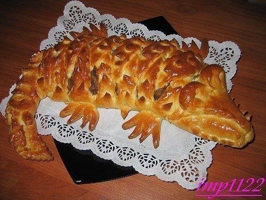Описание: Мясной пирог "Крокодил"Продукты:для теста:1 пакетик сухих дрожжей (11 грамм)2 ст. ложки сахара1 щепотка соли1 яйцо250 мл. теплого молока6 ст. ложек растительного масла~ 500 гр. мукидля начинки:1 маленький велок капусты2-3 луковицы500 гр. мясного фаршасоль, перецПриготовление:1.В большой чашке смешиваем все сразу: яйцо, дрожжи, молоко, растительное масло, соль и сахар. Отмеряем примерно 500 гр. муки и замешиваем тесто, подсыпая муку постепенно, до тех пор пока оно не перестанет прилипать к рукам. Формируем шар, накрываем салфеткой и отправляем в тепло на расстойку.А этим временем занимаемся начинкой: пережариваем все по отдельности, капусту, лук и фарш. Солим и перчим по вкусу.Раскатываем прямоугольный пласт теста, обрезаем края, чтобы было ровненько, а остатки теста нам еще пригодятся.. Переносим тесто на противень застеленный пергаментом, иначе потом это сделать будет трудно. На середину выкладываем начинку.Начиная с углов, делаем надрезы до начинки толщиной около 3-4 см. Складываем их косичкой в нахлест, оставляем только первые и последние.Из верхней части складываем голову, а из нижней- хвост.Формируем ноздри у Крокодила, из обрезков теста лепим лапки и глаза- брови.Делаем клыки с помощью ножниц по краю челюсти, не дорезая до конца.Также ножницами создаем неровности по всему телу.. Выпекаем в духовке при 200 градусах до зарумянивания. За 10 минут до готовности смазываем животное взбитым яйцом.Приятного аппетита!
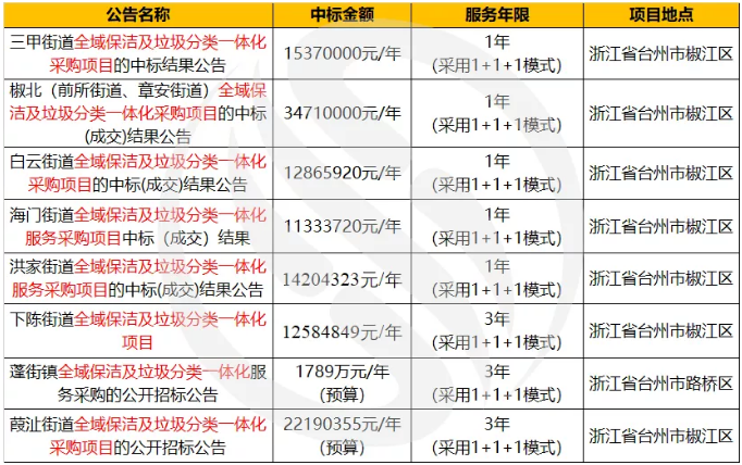 筆者對(duì)“全域保潔及垃圾分類(lèi)一體化采購(gòu)項(xiàng)目”印象較為深刻,故從E標(biāo)通對(duì)此類(lèi)項(xiàng)目進(jìn)行檢索。不完全統(tǒng)計(jì),此類(lèi)“全域保潔及垃圾分類(lèi)一體化采購(gòu)項(xiàng)目”主要集中在浙江省,年服務(wù)金額大多在1000萬(wàn)元-3000萬(wàn)元/年范圍內(nèi),合同簽訂模式主要采用1+1+1模式。
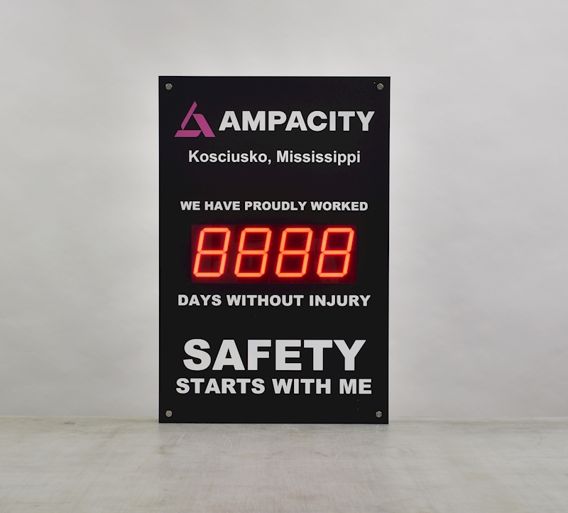 36"h x 24"w Accident Free Workplace Sign with One 5" 4 Digit Display
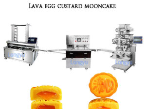 Mooncake&maamoul Production LineLava Custard Moon cakes is a unique breakthrough in the market that combining lava filling with custard moon cake, which bring the traditional moon cake to the next level. The lava custard moon cake can be made by using SV-208A lava custard moon cake production line that consists of SV-208A automatic encrusting machine, stamping machine and tray arranging machine. If you are interested, kindly for more details!
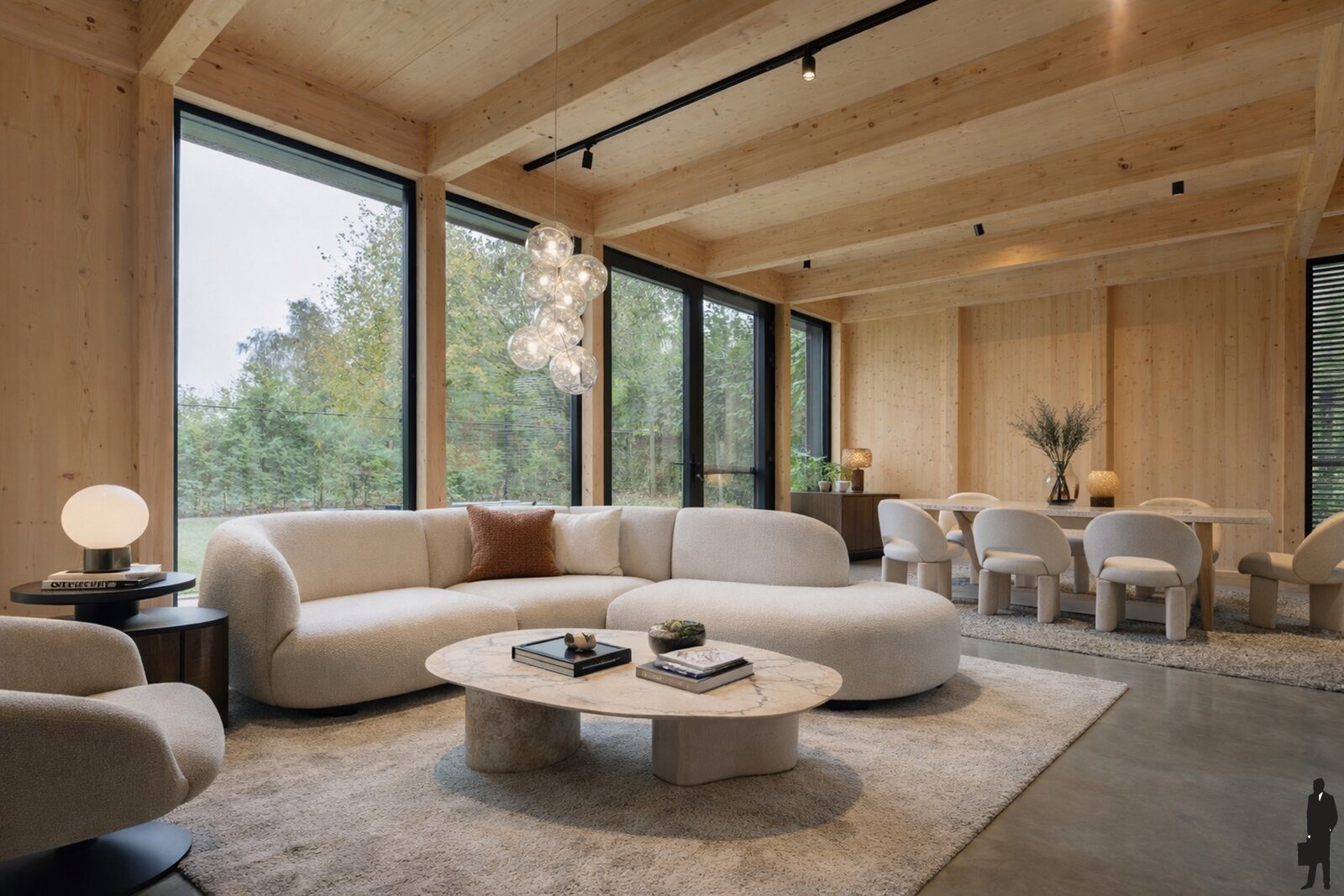 U betreedt de woning via de inkomhal met vestiaire en gastentoilet. Vervolgens stapt u binnen in de lichte en open leefruimte, waar moderne architectuur en natuurlijke (houten) elementen samenkomen. De grote ramen zorgen voor een overvloed aan natuurlijk licht en creëren - in combinatie met de houten structuren - tegelijk een warme, uitnodigende sfeer. Het hart van de woning is de woonkamer die naadloos overgaat in de moderne leefkeuken met aanpalende koele berging. Deze keuken is volledig uitgerust met hoogwaardige inbouwapparatuur en een handig en ruim kookeiland. De lichte leefruimte geeft bovendien toegang tot het zuidoost georiënteerde terras. Dit is de ideale plek om vrienden en familie te ontvangen en te genieten van gezellige avonden.

---

*Task description:* Write the lines out again exactly, beginning at the one containing "Mooncake&maamoul Production LineLava" and ending with the last line of the entries, but without any pictures.

*Solution for this problem:*
 Mooncake&maamoul Production LineLava Custard Moon cakes is a unique breakthrough in the market that combining lava filling with custard moon cake, which bring the traditional moon cake to the next level. The lava custard moon cake can be made by using SV-208A lava custard moon cake production line that consists of SV-208A automatic encrusting machine, stamping machine and tray arranging machine. If you are interested, kindly for more details!
 U betreedt de woning via de inkomhal met vestiaire en gastentoilet. Vervolgens stapt u binnen in de lichte en open leefruimte, waar moderne architectuur en natuurlijke (houten) elementen samenkomen. De grote ramen zorgen voor een overvloed aan natuurlijk licht en creëren - in combinatie met de houten structuren - tegelijk een warme, uitnodigende sfeer. Het hart van de woning is de woonkamer die naadloos overgaat in de moderne leefkeuken met aanpalende koele berging. Deze keuken is volledig uitgerust met hoogwaardige inbouwapparatuur en een handig en ruim kookeiland. De lichte leefruimte geeft bovendien toegang tot het zuidoost georiënteerde terras. Dit is de ideale plek om vrienden en familie te ontvangen en te genieten van gezellige avonden.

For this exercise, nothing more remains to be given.